Lundi Ngidi’s recent media posts stating that he would be in favour of supporting the Black Lives Matter cause have resulted in extensive social and mainstream media commentary.  The South African Cricketers’ Association (SACA) today recorded their strong support for Lungi and his right to Freedom of Expression.

Individual Athlete Activism has challenged societal prejudices since Tommie Smith, Peter Norman, and John Carlos stood up for human rights and against racial oppression from the Olympic Podium in 1968.  The International Olympic Committee earlier this year confirmed their regulations of suppressing the right of Olympic athletes to exercise their Freedom of Expression.  This is evidence of how little change there has been within world sport, it denies athletes their basic right to express an opinion, and reinforces the institutional racism that exists in many sporting federations.
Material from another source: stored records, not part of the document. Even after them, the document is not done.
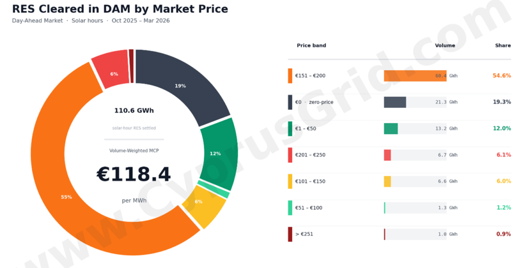 Τα διαθέσιμα στοιχεία δείχνουν ότι στις ώρες ηλιακής παραγωγής, η μεσοσταθμική τιμή διαμορφώνεται περίπου στα 118 €/MWh για την περίοδο Οκτωβρίου 2025 – Μαρτίου 2026. Παράλληλα, σχεδόν το 20% των ωρών ηλιακής παραγωγής εκκαθαρίζεται σε μηδενικές τιμές. Δηλαδή, σε ένα σημαντικό μέρος του χρόνου, η ενέργεια των ΑΠΕ που εισέρχεται στην αγορά δεν αμείβεται καθόλου.
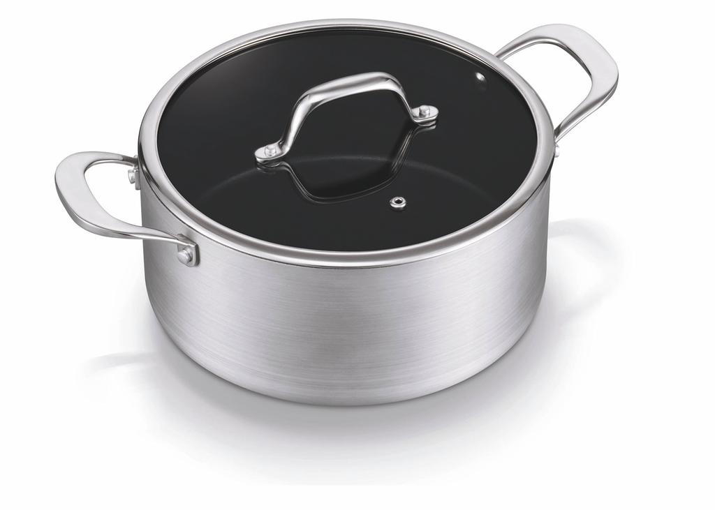 Kastról s pokrievkou Brabantia Technopro 24 cm, s objemom 4,5 l. Dvojvrstvové nepriľnavé vnútro kastróla sa ľahko čistí. Silná plne indukčná základňa zaistí lepšiu distribúciu tepla. Bezpečné nitované rukoväte sú z nerezovej ocele. Vonkajší povrch kastróla je matne šedý. Tento kastról je vhodný pre všetky zdroje tepla, má lisované hliníkové telo, pokrievky s odvzdušňovacím otvorom a elegantný dizajn.
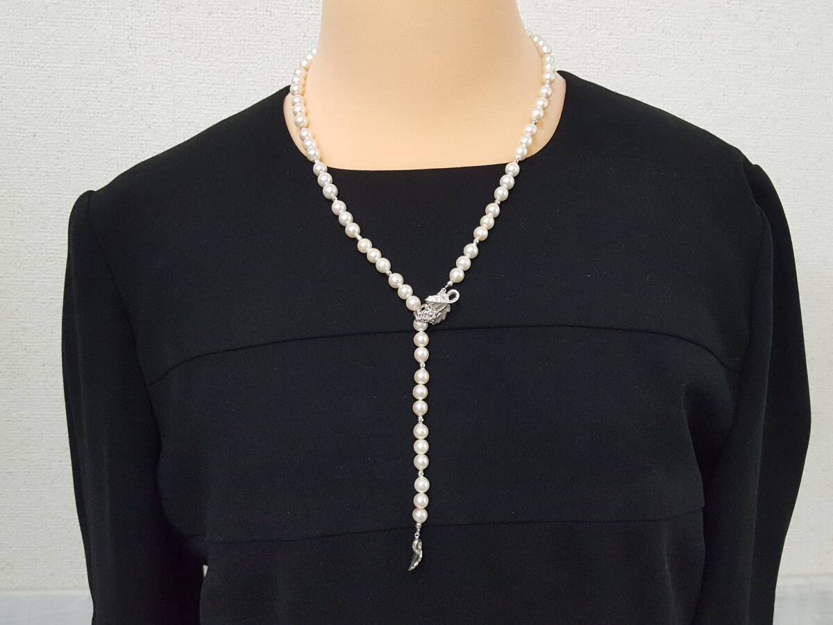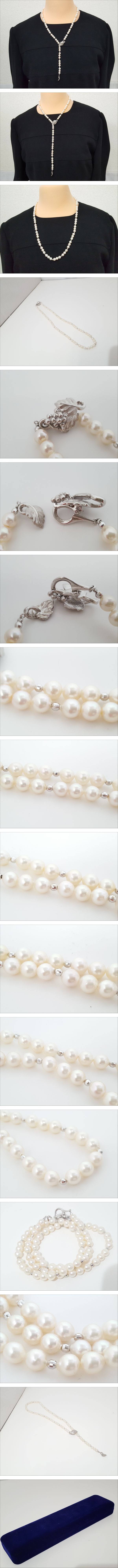 - 【美品】あこや本真珠 バックルクラスプ ミラーボール付き ネックレス/全長約62cm/Y字/チョーカー/3WAY/パール粒6.5mm/06KO101301
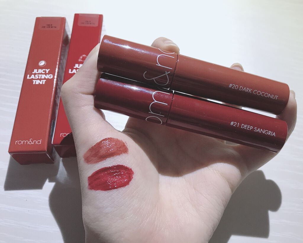 ロムアンドのジューシーラスティングティントで解決! 色持ちの良さは勿論のこと、ツヤ感やうるおいとも両立が可能です😄🌸 19 ALMOND ROSEはくすみ感のあるローズカラーでかわいくてお気に入り! 絶妙な色合いなのですが、元から血色の良い唇のように仕上げてくれ、ナチュラルになじんでくれるので何方でも使いやすいと思います。 20 DARK COCONUTは塗り重ねる程深みを出すことのできる、ダークなカラー。 チョコレートのような色味で、いつもよりも大人に、ちょっと背伸びをしたいなという時に特にオススメです。
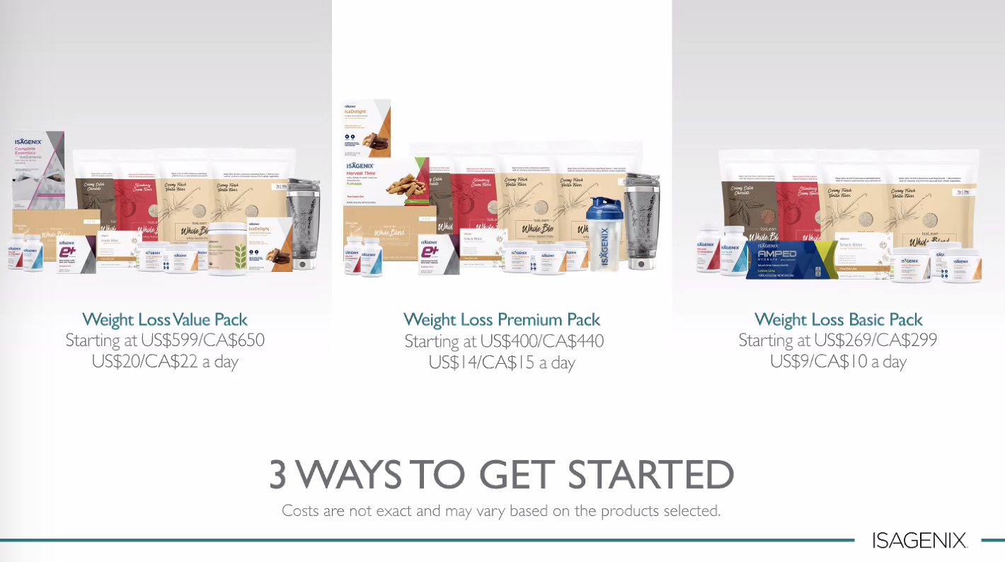 It’s called the Value Pak and it breaks down to $20/day. It includes the complete 30 day system which provides you two meals a day but with this pack you’re also getting a bunch of snacks including healthy chocolates which are amazing, a box of meal replacement bars, whey/harvest thins which are a high protein savory chip so you can snack without the guilt, a canister of greens which has over 30 different kinds of vegetables, womens/mens vitamins which are like nutritional insurance in convenient tear packs, e shots which are healthy energy drinks that give you a focused sustained boost without the crash, a beautiful stainless steel travel blender, a $75 Event Coupon, $25 off your next order, and when you convert to Associate to take full advantage of the compensation plan, your first year's membership will be free ($19 annually thereafter).
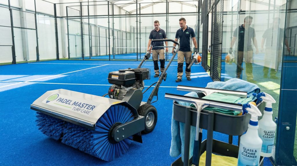 Maintaining a padel court involves regular brushing of the synthetic turf to keep the sand infill level and prevent fibers from matting. You must also clean the glass walls weekly to maintain the “premium” look and visibility players expect. Here is why: neglected turf becomes slippery and dangerous, while dirty glass ruins the spectator experience.
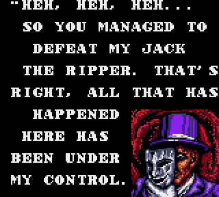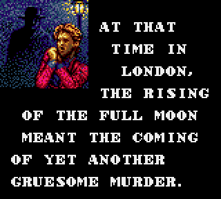 On y incarne le Docteur Social dans son enquête pour élucider des meurtres sordides dans ce Londres de l'angoisse. Le brave homme conduit par notre modeste personne va avancer de niveau en niveau pour s'apercevoir que pas de chance, Jack l'éventreur n'est qu'un fantoche, et que le vrai monstre derrière ces crimes crapuleux n'est autre que Dracula en personne. Action, sang, morts-vivants et autres trucs creepy en diable vous accompagneront pendant une petite heure pour vous donner ce que la Game Gear a de meilleure.
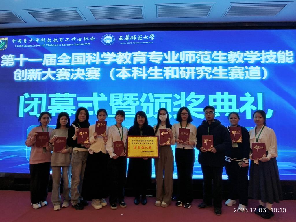 教育学部消息(通讯员 米溢 孙宝玲 许靖宇)日前,由中国青少年科技教育工作者协会主办,西华师范大学和中国青少年科技教育工作者协会科学教师教育专委会承办的第十一届全国科学教育专业师范生教学技能创新大赛(本科生和研究生赛道)决赛奖项公布,beat365学生获一等奖3项、二等奖3项、三等奖4项,所有指导教师获优秀指导教师,学校获优秀组织奖。

Andrew Breetzke, CEO of SACA commented; “Freedom of Expression is an enabling right that all South Africans support.  We must therefore respect Lungi, as a sporting role model, when he exercises his Freedom of Expression on the important matter of racial discrimination. To subject him to unfair criticism, is to undermine his right. 

As SACA CEO I lead a diverse group of players and I stand with Lungi in my commitment to transformation, diversity, and to continue to work towards building a more inclusive game and society.”
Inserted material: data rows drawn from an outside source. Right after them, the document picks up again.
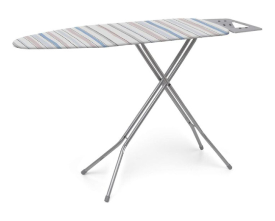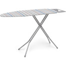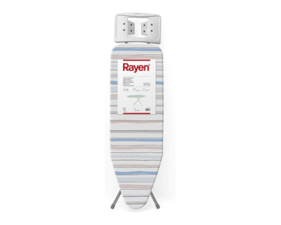 Rayen 6237.01 je osnovna likalna deska z dimenzijami 120 x 38 cm in črtastim vzorcem. Ima kovinsko mrežasto površino za likanje, ki omogoča učinkovito odvajanje pare. Višina deske je nastavljiva v sedmih stopnjah od 71 do 90 cm, kar omogoča prilagoditev glede na vaše potrebe. Poleg tega so noge opremljene z nedrsečimi gumijastimi nastavki za večjo stabilnost med uporabo. Deska je lahka, enostavna za uporabo in ne zavzame veliko prostora, kar je idealno za manjša stanovanja ali omejene prostore.
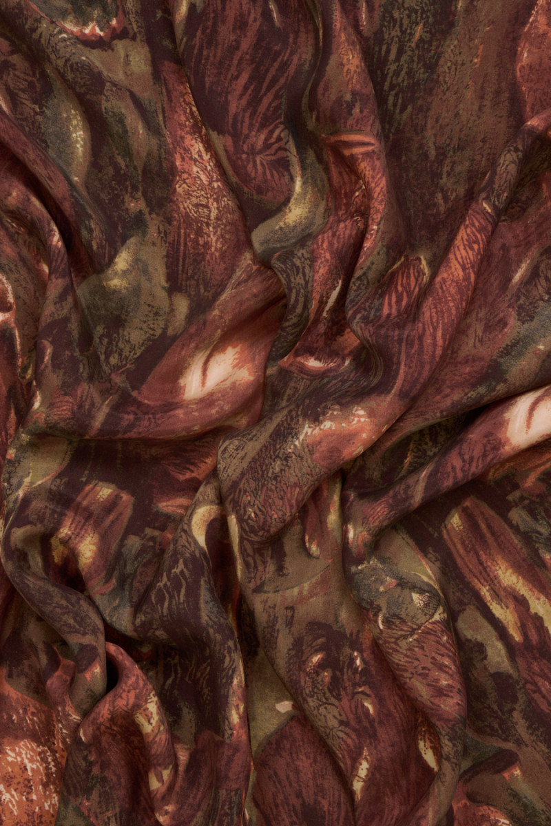Tessuto italiano 100% viscosa con motivo di vegetazione sfocata nei colori marrone e verde oliva. Il tessuto è fluido, leggero, molto piacevole al tatto, opaco e lavora delicatamente sui fili. È perfetto per cucire una camicetta, una gonna e un vestito.
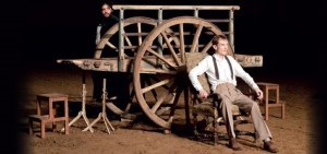 Pour sa mise en scène de l’œuvre de Boulgakov, Ronan Rivière a pris le parti de créer une atmosphère intimiste, donnant aux spectateurs l’agréable impression d’être redevenus des enfants écoutant un conte de fée. Tous les éléments semblent contribuer à ce que cette intimité et cette convivialité s’installent. Les comédiens sont peu nombreux sur scène, et seuls deux d’entre eux prennent la parole ; le décor est simple mais représente efficacement la vie nomade de l’auteur, avec seulement une charrette et un fauteuil, et, entre les scènes, ces deux éléments sont déplacés, sur un fond musical, de sorte à représenter de nouveaux lieux.
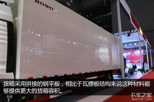 这台车的货箱材料为拼接的钢平板,相比于瓦楞板结构来说,这种材料能够提供更大的货箱容积——它的容积可达到66方。此外这种拼接结构的货箱在发生损坏之后,只需要把坏掉的几块板换掉即可,不会像瓦楞板一样换掉整块面板。
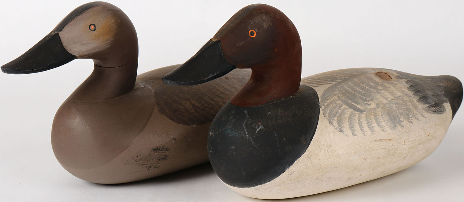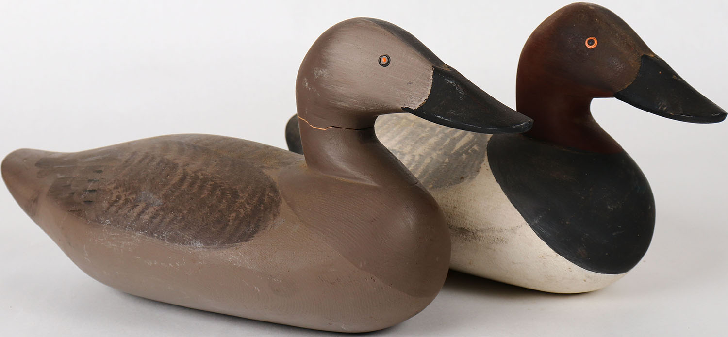 Pair of Canvasbacks by Paul Gibson, Havre de Grace, MD, painted eyes, solid wood, structurally excellent, signed on bottom, original paint. Grade: Excellent ++ - Value: 80 to 300
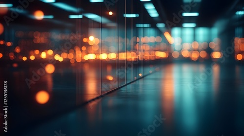 Blurred Glass Walls of Modern Corporate Office Building in Illuminating Interior
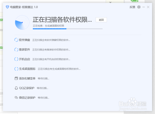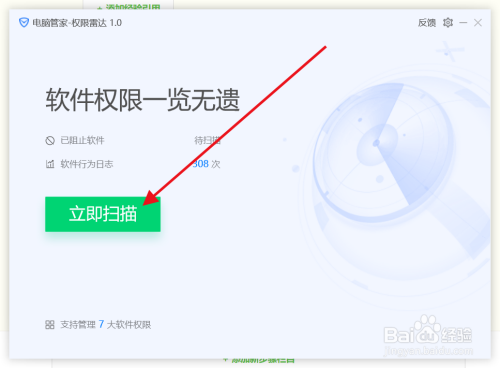 打开当即扫描进行查看软件的权限,过程可能需要30秒摆布,请耐烦等待。
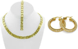 Bling Bling NY Womens Gold Tone Starburst Hugs & Kisses Necklace Bracelet Medium Sized Round Fillgree CZ Hoop Earring Set Stampato Stainless Steel Anti-Tarnish
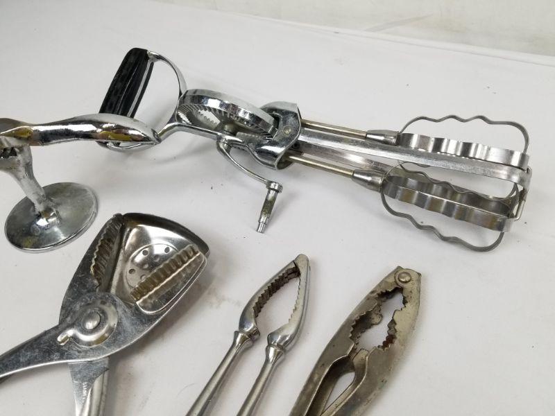 7 Piece Vintage Kitchen Gadgets: Mixer, Garlic Press, Nutcrackers, Olive Pitter
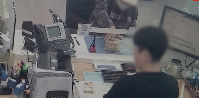 울산 한 아파트 화단에서 발견된 7500만 원 현금의 주인으로 밝혀진 80대 노인이 울산시 중구 한 시중은행 지점에서 거액의 현금을 인출하고 있다. 울산경찰청 제공
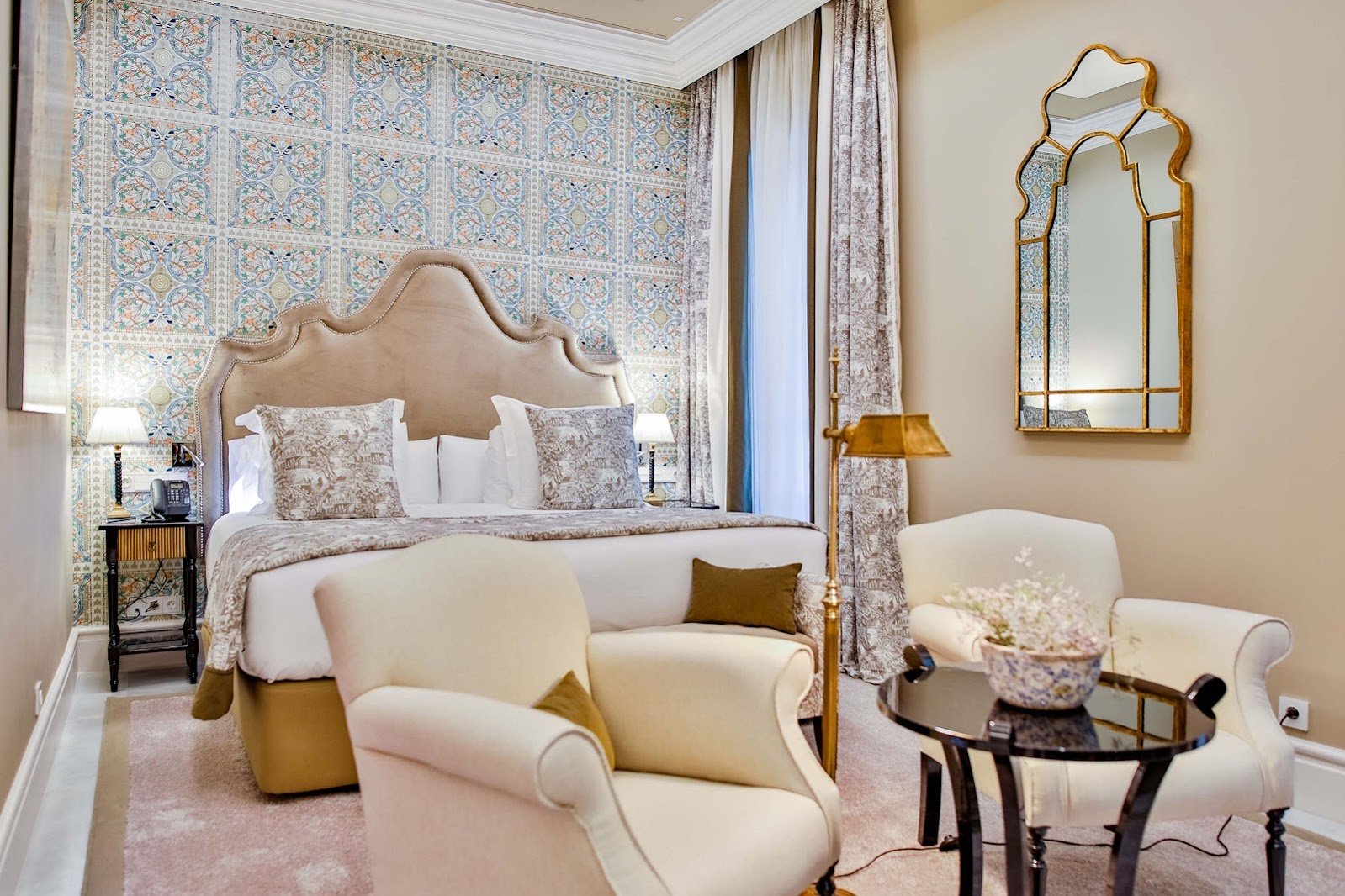 The 21 rooms vary in size and aspect, each with its own character. The Maria Luisa Suite overlooks the garden courtyard, while the Jerez Suite includes a private patio and separate lounge. Premium and Deluxe rooms offer interior patios or balconies facing the main plaza. Interiors are traditional with a contemporary edge—plush sofas, marble bathrooms with twin sinks and separate tubs and showers, Nespresso machines, and minibars. Beds can be tailored with a pillow and sheet menu, including Egyptian cotton, linen or silk options, and guests can choose from four bathroom amenity lines, including Codage, the French clinical skincare brand.

Individual athlete activism leads to collective athlete activism, which can ultimately lead to institutional change.  This is a phenomenon that is being experienced throughout the world following the growth of the Black Lives Matter movement.

“Many of our cricketers have spoken out on a number of issues, including lack of transformation, gender-based violence and child abuse – they are more than sportsmen and women, they have a right to support initiatives that represent their social interest. Sport continues to be a microcosm of society, yet it remains the most forceful tool we have to break the shackles and bondages of the past,” added Omphile Ramela, SACA President.